Волосы на его груди щекотали ее соски. Ей так это понравилось, что она потерлась об него. Восставшая плоть прижалась к ней, и Мишель подвинулась так, чтобы их бедра соединились. До чего же это прекрасно – быть в его объятиях.
– В одной из моих фантазий я делаю вот что.
Он подхватил ее и понес к кровати, уложил, развел бедра и встал между ними на колени. Потом снова стал целовать, долго, мучительно, пока она не заметалась по простыне.
И только тогда он лег на бок и коснулся ее живота.
– И еще вот это.
Его пальцы принялись обводить ее пупок, скользнули ниже. Она затаила дыхание.
– Не надо…
– Тебе не нравится?
Он творит настоящее волшебство!
– Нравится… но если ты не остановишься, я…
Продолжать она не смогла. Он сводил ее с ума, дразня, пощипывая, поглаживая, готовя к своему вторжению. Голова его медленно клонилась все ниже… губы прижались к душистой ложбинке между грудями.

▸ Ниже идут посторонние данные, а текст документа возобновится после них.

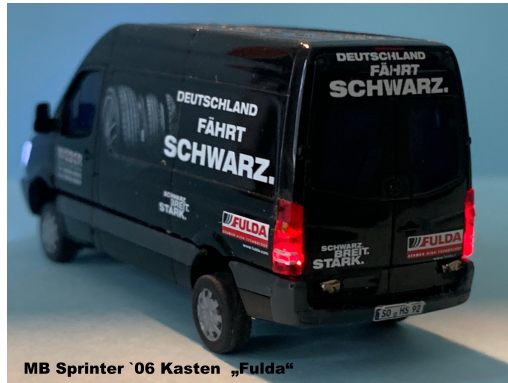
MB Sprinter '06 Kasten „Fulda“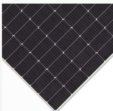
SHARP NB-JD BIFACCIALE TOPCON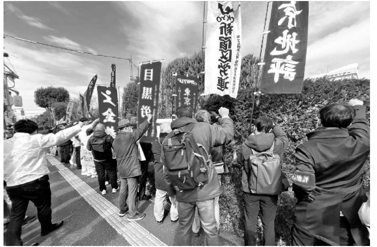
東京医療センターへ声を上げる宣伝参加者

2月28日東京医療センターの早朝ストライキに参加しました。最近ストライキと言っ言葉の時々耳にします。私のような60代は、ストライキは権利だと学校で習いました。40代50代は、ストライキは迷惑と習っています。そのせいか1980年以降ストライキは、本当に少なくなりました。でもこの3年で耳にするようになりまし、そしてそれはそれなりの成果を挙げています。ストライキをやる人達の覚悟を感じます。先日、医療センターの待ち合いでこんな会話を耳にしました「国から金貰う国立病院が何でストライキなんかやっているんだ」と怒っている人、それは間違っています。今は国立病院機構は国から一銭も貰っていません。むしろ私立の大学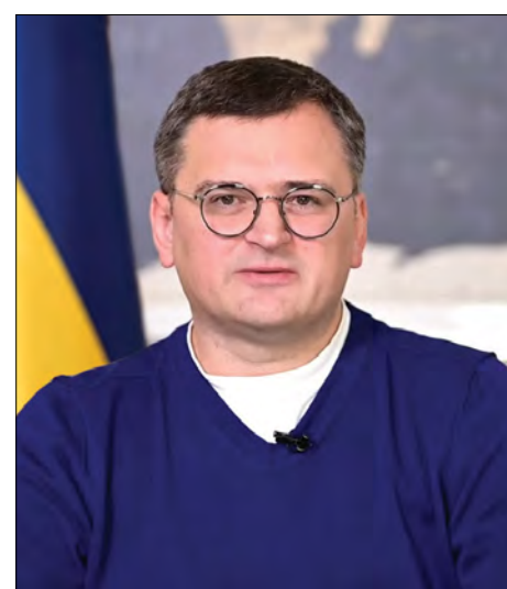
Міністер закордонних справ України Дмитро Кулеба

Міністер оборони Росії Сергій Шойгу в розмовах з міністрами оборони Франції, Туреччини, Великої Британії та США звинуватив Україну в підготовці „брудної бомби”. Російські чиновники бездоказово кажуть про контакти офісу Президента України з представниками Великої Британії для отримання технології створення ядерної зброї. Підриг такого боеприпасу можна буде замаскувати під позаштатне спрацювання російського ядерного боеприпасу малої потужності, в якому як заряд використовується високозбагачений уран, цитує російська агенція „РІА Новини” представників Міністерства оборони Росії. Україна та країни Заходу кате-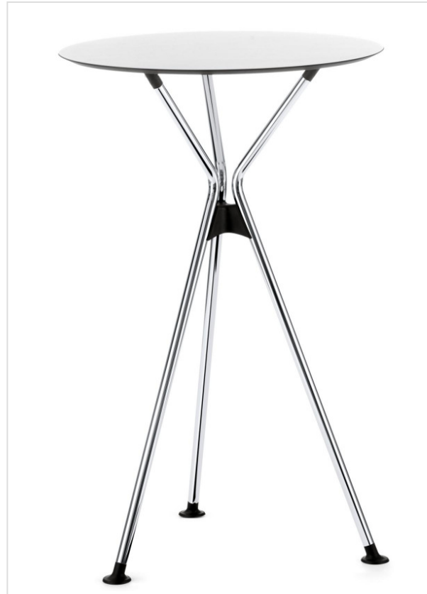
Design: Modus Product Design / speziell®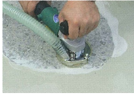
●ウレタン塗膜の除去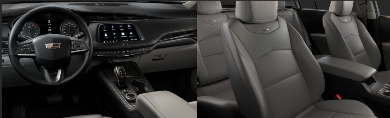
JET BLACK / LIGHT PLATINUM DISPONIBLE EN VERSIÓN PREMIUM LUXURY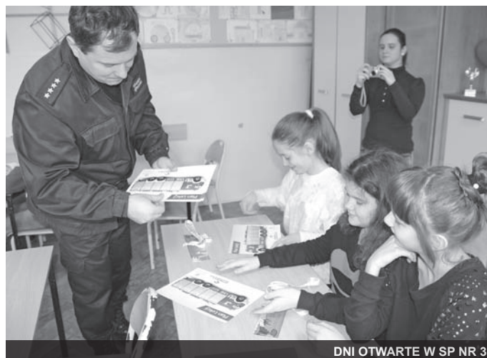
DNI OTWARTE W SP NR 3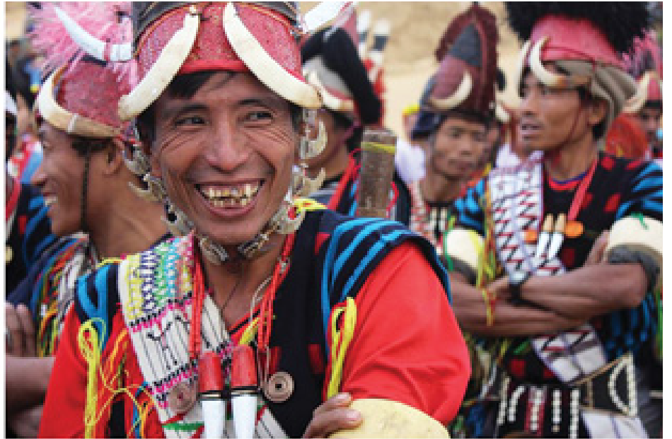
ယနေ့ခေတ် နာဂတို့၏ ဝတ်စားဆင်ယင်ပုံ။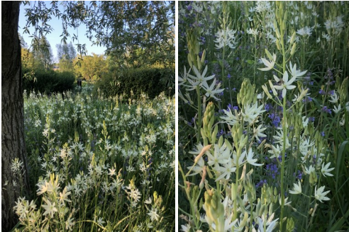
Verwilderingsbollen Camassia's 5 jaar na aanplant, uitgezaaid en vermeerderd

Bekende kleine verwilderingsbollen zijn: Sneeuwklokjes, Blauwe druifjes en Krokussen. Door deze bijvoorbeeld in het gras te planten vallen ze goed op. Na de bloei duurt het zes weken voordat ze zich hebben uitgezaaid en tot die tijd is het raadzaam het gras niet te maaien.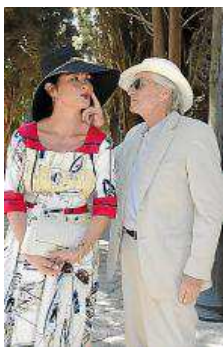
Michael Douglas und Catherine Zeta-Jones im Sommer 2019 auf Mallorca.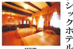
雲仙観光ホテルの客室

九州唯一のクラシックホテル「雲仙観光ホテル」は、クラシックな雰囲気を醸し出す。雲仙観光ホテルは、クラシックな雰囲気を醸し出す。雲仙観光ホテルは、クラシックな雰囲気を醸し出す。雲仙観光ホテルは、クラシックな雰囲気を醸し出す。雲仙観光ホテルは、クラシックな雰囲気を醸し出す。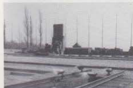
Auschwitz : monument aux victimes du fascisme.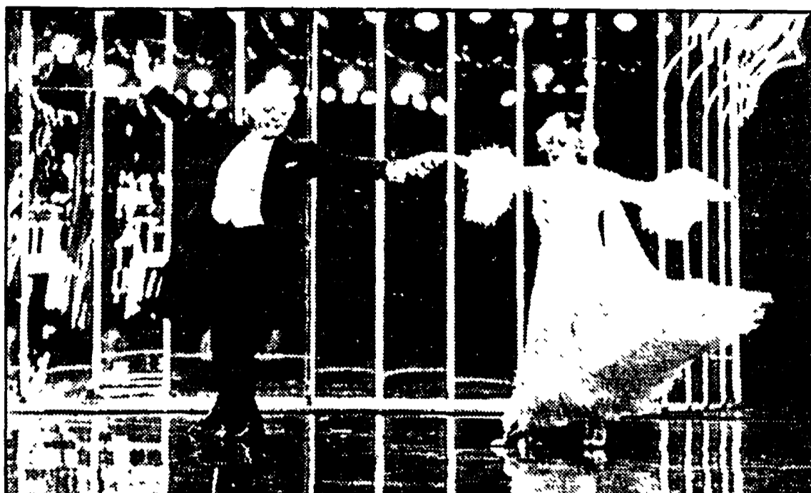
La «scena madre» del film di Fellini «Ginger e Fred»

edilizia sembrano architettare cento emozioni umane in un tutt'uno che la gente che vi abita e la conseguente azione scenica? Il neo-realismo di Zavattini e De Sica (Ladri di biciclette, Sciusecchia ecc.), di Rossellini (Roma città aperta), di Fellini (La dolce vita, Le notti di Cabiria ecc.) sono capitoli antologici romani che hanno fatto da guida, o portato al successo il Cinema in tutto il mondo. «U Mamma lo vedi? Com'è tutto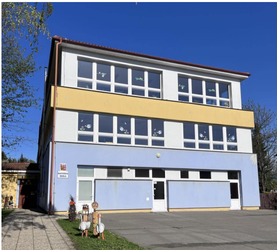
Obrázek č. 10: Budova mateřské školy v Konici, současnost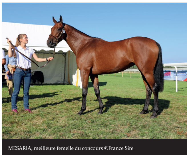
MESARIA, meilleure femelle du concours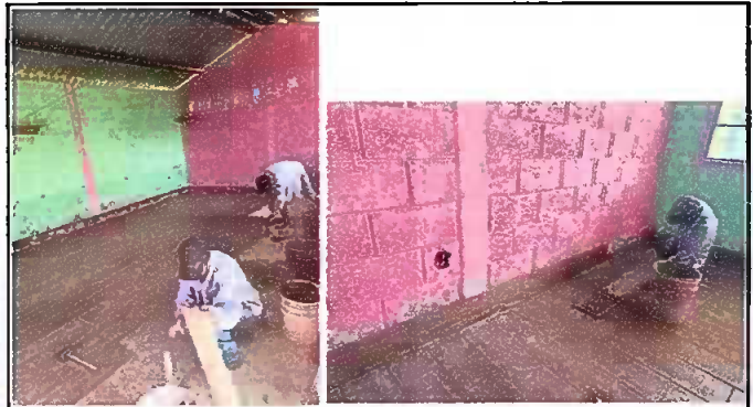
Foto 4. modulo 1. Sustitución de piso de torta de concreto por piso ceramico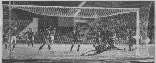
1:0. После розыгрыша штрафного мяч ricochet в штангу и влетает в сетку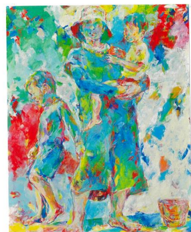
第8回日展(2021) 夏の日 高橋健一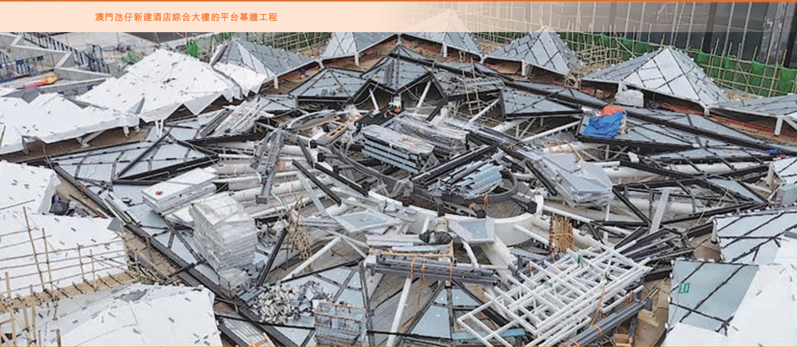
澳門氹仔新建酒店綜合大樓的平台幕牆工程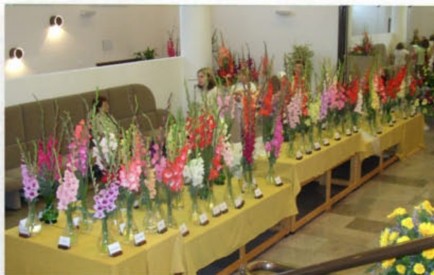
GLADIOLA MARTIN –hlavní část expozice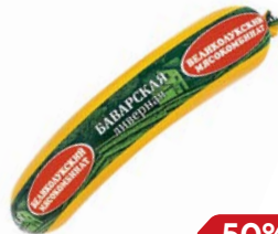
Колбаса БАВАРСКАЯ , Ливерная (Велико- лукский МК), 300 г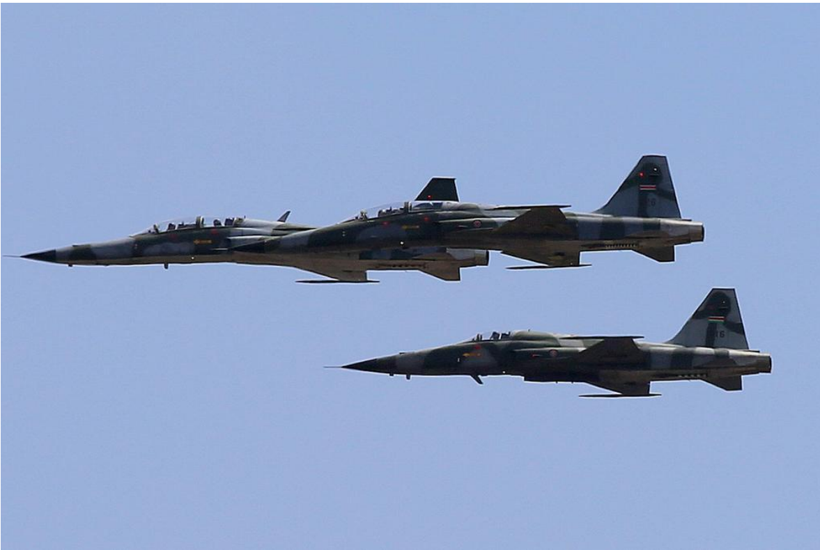
Cazas ligeros F-5 de la Fuerza Aérea de Kenia.

La Fuerza Aérea de Kenia nació en 1964 tras la independencia del país. En la actualidad opera desde las bases de Laikipia en Nanyuki, la base Moi en Eastleigh Nairobi, la de Mombasa, la base de Madera y la de Nyeri. Además de operar los medios aéreos de la nación la fuerza tiene un batallón de defensa antiaérea.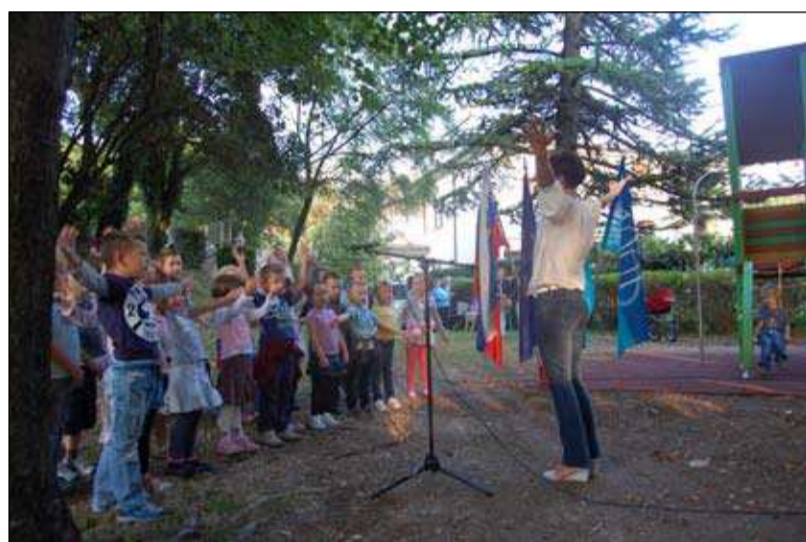
Malčki prepevajo -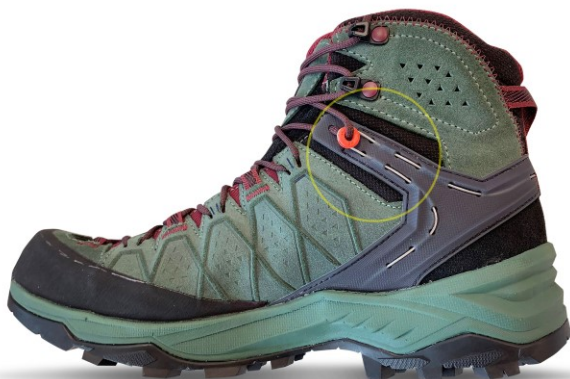
ALTE AUSFÜHRUNG – RÜCKRUF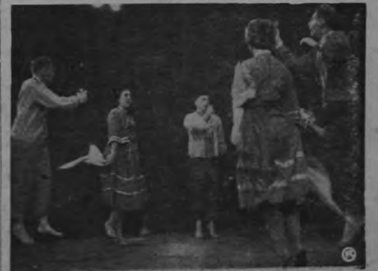
DANZAS ISRAELIS. Aparecen en la foto algunos integrantes de la Embajada Cultural israelí que actualmente visita a Costa Rica en gira de buena voluntad que realizan por América. Ejecutan una de las danzas que enriquecen su folklore israelí, tan lleno de gemas y de creaciones de arte de gran envergadura.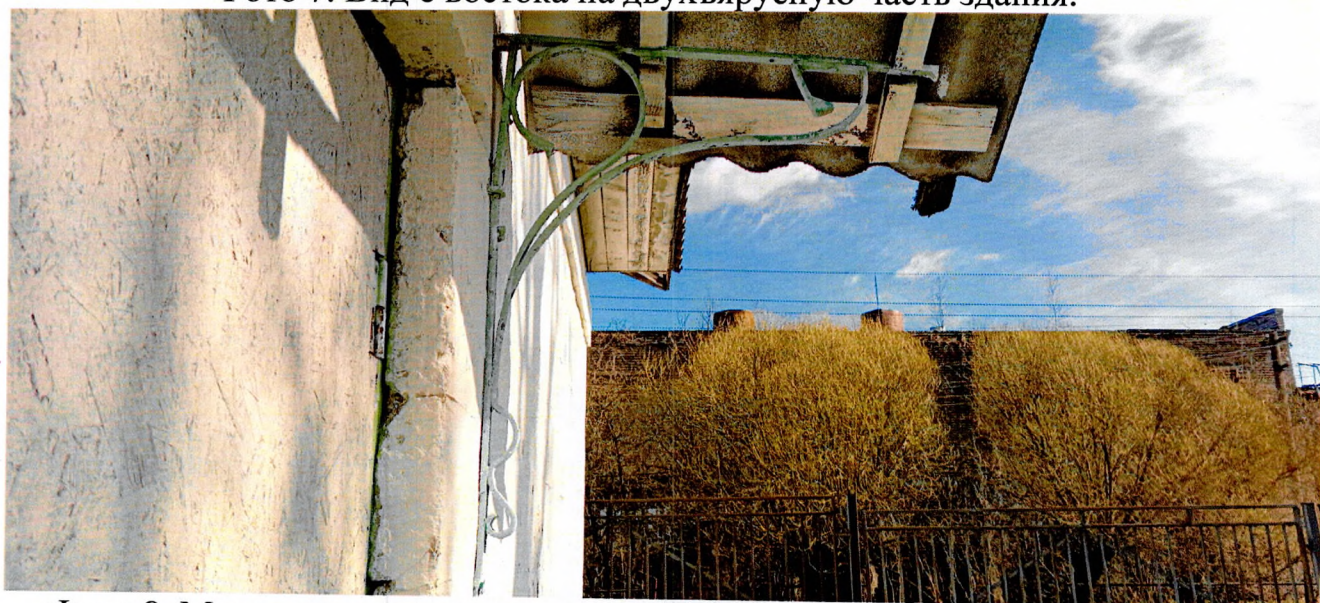
Фото 8. Металлические кованые кронштейны в стиле «модерн» южного крыльца, имитирующие растительный орнамент.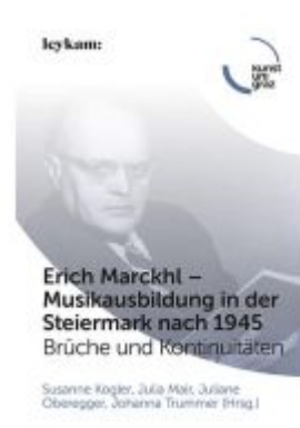
Erich Marckhl - Musikausbildung in der Steiermark nach 1945 Ladenpreis: 32,00EUR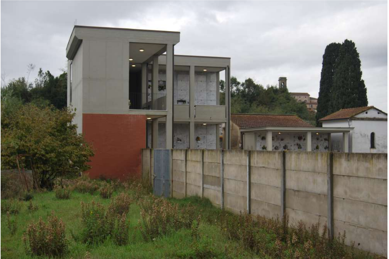
Foto 13: L'attuale recinzione e lo spazio oggetto del futuro ampliamento sul fronte sud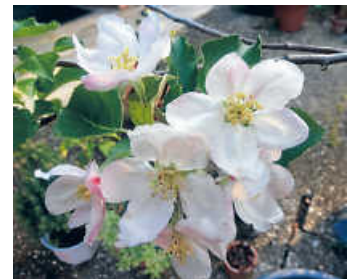
Blüten eines jungen Nashi-Baumes

Nach der langen Winterzeit fühlen sich viele Menschen im März und April schlapp und antriebslos. Die Frühjahrsmüdigkeit macht sich bei vielen bemerkbar. Dagegen kann man einiges tun: sich in der freien Natur viel bewegen. Die Sonne, die immer wieder zwischen den Wolken nach längeren Regenschauern hervorkommt, motiviert, sich längere Zeit draußen aufzuhalten. Mit viel frischem Grün und vielfältiger Blütenpracht sowie Vogelgezwitscher hat der Frühling nun Einzug gehalten.

– В моей любимой фантазии ты любила это больше всего. Он поцеловал каждую грудь, облизывая соски до тех пор, пока она не выгнула спину. Ее ногти вонзились в его плечи. Она старалась заставить его поднять голову, чтобы лишить рассудка своими губами и языком, но Тео не поддавался, объяснив, что в этой фантазии она кончает первой.
Он лишил ее всякой способности сопротивляться и только потом неторопливо спустился вниз, осыпая поцелуями живот, щекоча пупок кончиком языка, и, наконец, оказался между ее шелковистых бедер.
Мишель плавилась, как снег под солнцем, содрогаясь в блаженных судорогах, выкрикивая что-то несвязное, цепляясь за него.